Money Market vs. Savings Account

Which of these bank accounts will better meet your needs? Find out here.

GettyImages-882268284
GettyImages-882268284

Image source: Getty Images

Many savers have noticed that banks are finally starting to boost their interest rates on the accounts that they offer. If you want your savings to generate valuable income for you, then finding out how to get the most possible from your bank is crucial. But many banks offer several different types of accounts. One of the most confusing issues that can come up for savers is what the difference is between a money market account and a savings account.

Money market accounts and savings accounts have a lot in common at most banks. The way they work, though, has some subtle distinctions that make it important not to confuse the two. Choosing between a money market account and a savings account requires thinking about exactly what your specific needs are and then seeing which of the two bank products works better to meet them. Below, we'll take a closer look at money market and savings accounts to compare and contrast their features.
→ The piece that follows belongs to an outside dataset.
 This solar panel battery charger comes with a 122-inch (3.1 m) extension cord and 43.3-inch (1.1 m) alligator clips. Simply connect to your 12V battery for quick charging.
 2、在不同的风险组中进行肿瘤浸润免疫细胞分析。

The basics of savings accounts

Savings accounts are a typical entry-level option for savers who want the security of a bank account but want to receive interest on their savings. Money that you deposit in a savings account earns whatever rate of interest the bank sets, and you can generally add to or withdraw from the savings account at any time without penalty.
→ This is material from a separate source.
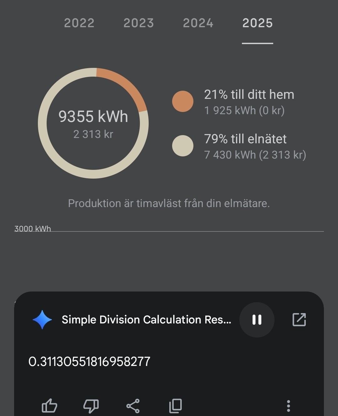 Det står ju ”2313 kr till elnätet”, eller menar du att du gått 31 öre med vinst?

You'll find a wide variety of interest rates on savings accounts depending on the bank and the exact requirements of the account. Basic savings accounts that have low or no minimum balances typically pay the lowest interest rates. Most banks also offer high interest savings accounts that have higher rates, but they also typically come with more onerous requirements. For instance, a high interest savings account might require a fairly high minimum balance, or you might have to have other relationships with the bank -- such as a mortgage or a checking account -- in order to have access to the higher rates that these upper-tier savings accounts pay. If you don't meet the minimum balance requirements, then your bank might charge you a monthly maintenance fee or some other charge.

One key attraction of savings accounts is that your money is protected in the event that something happens to your bank or credit union. As long as your financial institution is included in their coverage, then the Federal Deposit Insurance Corporation will protect up to $250,000 of your money at any given bank. Those who use credit unions typically enjoy similar coverage from the National Credit Union Administration. The $250,000 limit applies to the total of all of your accounts with the bank, not each individual account. So if you have $250,000 in a savings account and another $100,000 in a certificate of deposit at the same bank with the two accounts in the same name, then the insurance protection will only apply to a total of $250,000 -- not the entire $350,000 you have on deposit in your multiple accounts.